Public-private partnerships can help avoid the adverse effects in terms of underinvestment in skills by local firms due to risks of labour poaching. Similarly, universities and firms have different incentives to share knowledge, which may hamper university-industry collaborations if left unchecked (Partha and David, 1994[31]). Fernández Guerrero (2020[32]) found that firms in rural regions were more likely to collaborate with universities when they hired graduates. This is despite the fact that rural regions have fewer universities (Charles, 2016[33]) and, thus, firms have to overcome a larger geographical distance to collaborate with universities (Johnston and Huggins, 2015[34]). Alcácer and Chung (2007[24]) found that technologically advanced firms select regions with high levels of academic activity but avoid regions with industrial activity to avoid knowledge spillovers to competitors.

Grillitsch and Nilsson (2015[35]) and Avermaete et al. (2004[36]) find innovation in small and medium-sized enterprises (SMEs) in peripheral and rural areas to depend on the firm’s skill and commitment to knowledge as well as access to external knowledge sources. Social proximity between actors, like having a shared past at the same firm or being part of the same professional community, is very helpful to learn from others, no matter whether you are located close or far from each other (Breschi, 2001[37]).

Chapter 4 looks into a range of policy measures that can help rural manufacturing improve their skills and knowledge given the changing environment such as increased digitalisation.

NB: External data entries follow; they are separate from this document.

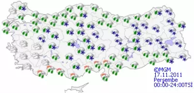 Devlet Meteoroloji İşleri Genel Müdürlüğü'nce yapılan son değerlendirmelere göre, Akdeniz, İç Anadolu, Doğu Karadeniz, Doğu Anadolu, Güneydoğu Anadolu ile Kırklareli, Tekirdağ, İstanbul, Çanakkale, Yalova, Kocaeli, Sakarya, Kastamonu, Sinop, Çorum ve Bandırma çevrelerinin yağışlı geçeceği tahmin ediliyor. Yağışların genellikle yağmur ve sağanak, İç Anadolu, Doğu Anadolu ile Doğu Karadeniz'in iç kesimleri, Kırklareli, Kastamonu, Isparta ve Burdur'un yükseklerinde karla karışık yağmur ve kar şeklinde olması bekleniyor. İç ve doğu bölgelerde buzlanma ve don olayı görüleceği tahmin ediliyor.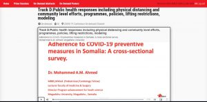 Congratulations to Dr. Mohamed A.M Ahmed for the participation of IAS Covid-19 Virtual Conference, and presented his paper on Adherence to COVID-19 preventive measures in Somalia: A cross-sectional survey.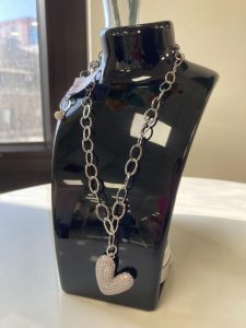 Collar Perla de rio y Baño de oro 50 cm Corazón Brillante (Perlas Blanca)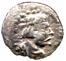 Yueh Chi - Kushan King Heraios' silver Obol. Obverse: King Heraios Reverse: Hercules Holding a club c. 5 -40 CE 11 mm. 0.38 gm. Mitchiner ACW 2843v. Mitchiner ECCA 98 (Bamiyan)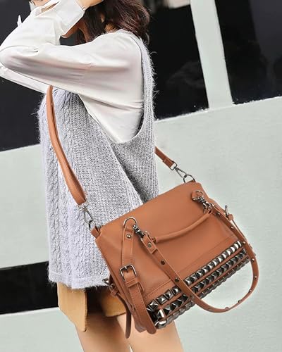 Origin: ImportedClosure type: ZipperLining: PolyesterMaterial: premium faux leather with rivet decoration,waterproof and wear-resistant,constructed with detailed streamlined stitching,excellent workmanshipCapacity: 19.8Lx15.7Hx4.7W.Large space for all the daily essentials,which can hold A4 files, books, magazines, wallet, water glass, sun hat, clothes as well as many accessories.Design: Unique punk style with rivet design,sturdy and durable,modern enough to match all your outfits at all seasons,stylish and elegant shoulder bagThis shoulder bag for women comes with handle strap and detachable shoulder strap, allowing you to use it as a handbag, shoulder bag,or crossbody bag to suit your style and needsEuropean and American style, casual, street style, the first choice for all seasons, multi-purpose hobo outlook,perfect gift for your loved ones festive season of Christmas New Year Anniversary and birthday Perfect for everyday use. High quality materials and excellent craftsmanship ensure long-lasting durability.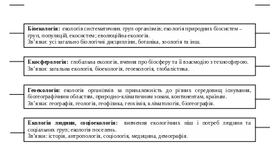 Екологія перетворилася із часткового розділу біології, знайомого лише вузькому колу спеціалістів, у комплекс фундаментальних і прикладних дисциплін, котрий Микола Реймерс (1992 р.) назвав мегаекологією, тобто “великою екологією”. На даному етапі більш широко використовується термін макроекологія. На рис. 1.1. відображені складові макроекології.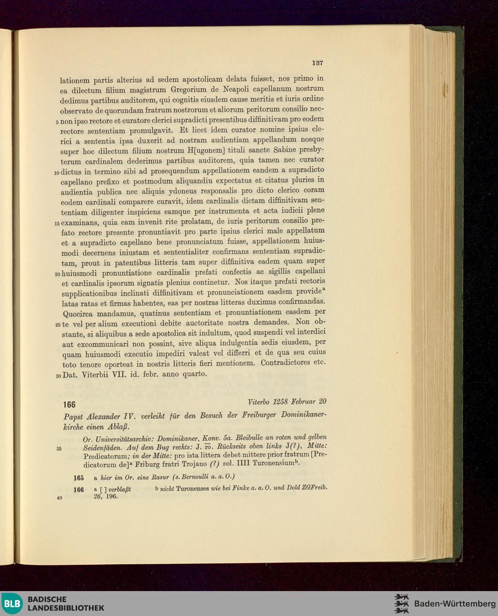166 - Viterbo 1258 Februar 20: Papst Alexander IV. verleiht für den Besuch der Freiburger...

Rural regions can benefit from specialisation for their innovation. These regions do well in the exploitation of existing technologies (Duranton and Puga, 2001[38]). New industries and technologies are more likely to enter a region when they are related to existing industries/technologies in a region (Neffke, Henning and Boschma, 2011[39]). Cortinovis, Crescenzi and van Oort (2020[40]) find that these can be positively associated with higher employment levels. Relatedness also enhances the performance of local firms. Neffke and Henning (2012[41]) found that plants benefit more from being located close to plants in related industries than plants in their own industry.

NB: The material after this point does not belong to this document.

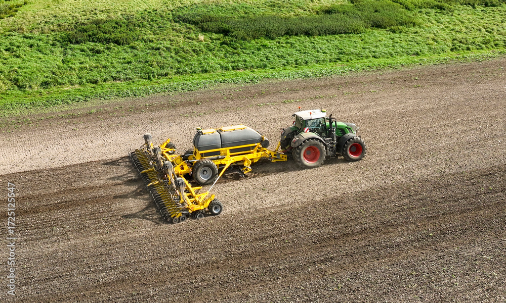 Tractor cultivating a field with a pneumatic drill machine - 0129 #1725125547

Broadly, local access to (scientific) knowledge has become a crucial input for (knowledge-intensive) manufacturing. Diversity of knowledge is also considered crucial for innovation but only when there is some degree of relatedness between local activities. Regional innovation policy that focuses on increasing research and development (R&D) investment may not deliver in regions where the capacity of SMEs to benefit from R&D is limited (Hervas-Oliver et al., 2021[42]), unless partners in regional innovation systems create incentives and facilitate research linkages between research partners and local rural firms (OECD, 2023[43]). Relatedness may offer many benefits, such as higher performance of local firms and more opportunities for regions to diversify. One reason is that tacit knowledge or knowledge that is hard to codify is believed to matter in particular, as it is perceived not to travel well over large distances (Gertler, 2003[44]).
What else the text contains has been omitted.